Женя бойко постукивала каблучками кожаных ботинок, она не признавала суконных теплых ботиков, говоря, что ходить без них – петербургская мода.
Всего три часа было, но уже совсем стемнело. Оранжевыми кругами фонари по улицам загорелись. Стало как будто еще темнее, но вместе с тем и уютнее и интимнее. Мягко и неслышно лошади по снегу ступали, быстро скользили бесчисленные санки извозчиков. Ласково раздавалось:
– Э-ей, поберегись!..
– Куда же? – спросила Женя.
– По всему Невскому, от самой Литейной.
– Ну, конечно, часы смотреть? – с ласковой насмешкой сказала Женя.
– Да.
– Успокойся, будут у тебя часы. Только покажи какие?

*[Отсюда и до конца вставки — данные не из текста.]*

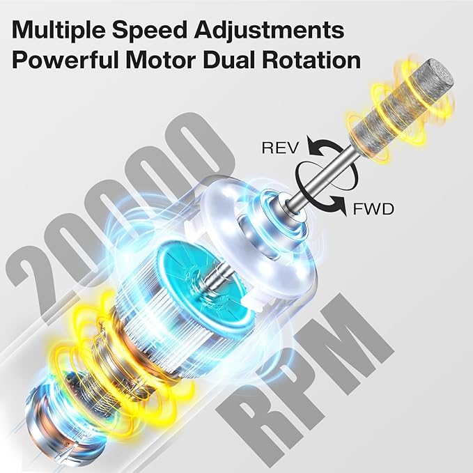 - 【Easy to Use】: A portable drill and nail machine with an ergonomic body design, lightweight, easy to operate, suitable even for beginners, comfortable to hold, with both forward rotation (R) and reverse rotation (L) directions. Adjustable nail file with a speed range of 2000-20000PRM, providing sufficient power for you to effectively polish acrylic nails and remove gel nails.
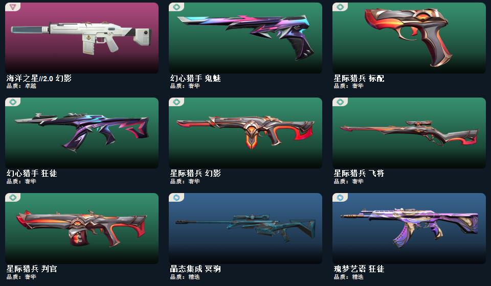 wegame无畏契约★武器皮肤数量:34,碎心裂刃,星际猎兵 短剑,2025全球冠军赛 蝴蝶刀,幻心猎手 鬼魅,甜心猎手 蜂刺,甜心猎手 幻影,星际猎兵 判官,诛心猎手 冥驹,诛心猎手 奥丁

– Я хотел… чтобы с браслетом.
– Посмотрим.
На углу Невского и Владимирской пришлось подождать, пока городовой в черной шинели и валенках, закутанный башлыком, белой палкой не остановил движения. Столько было саней!.. Нетерпеливо фырчал на снегу чуждый Петербургу, странный автомобиль.
– Я думаю, их много у нас не будет, – сказала Женя.
– Почему?
– Снег… Не везде так расчищено, как на Невском. А по снегу машине трудно.
– А как хорошо!.. Быстро!.. Удобно!..
Сестра с любовной насмешкой посмотрела на брата.
– Тебе нравится?
– Оч-чень! Я хотел бы быть шофером!
– Кем, кем только не хотел ты быть, милый Гурий… Помню, что первое, о чем ты мечтал, – быть пожарным… В золотой каске.
– Ну, это когда еще было… Я совсем маленький был.
– Потом… почтальоном.
– Полно вспоминать, Женя, – недовольно сказал Гурочка.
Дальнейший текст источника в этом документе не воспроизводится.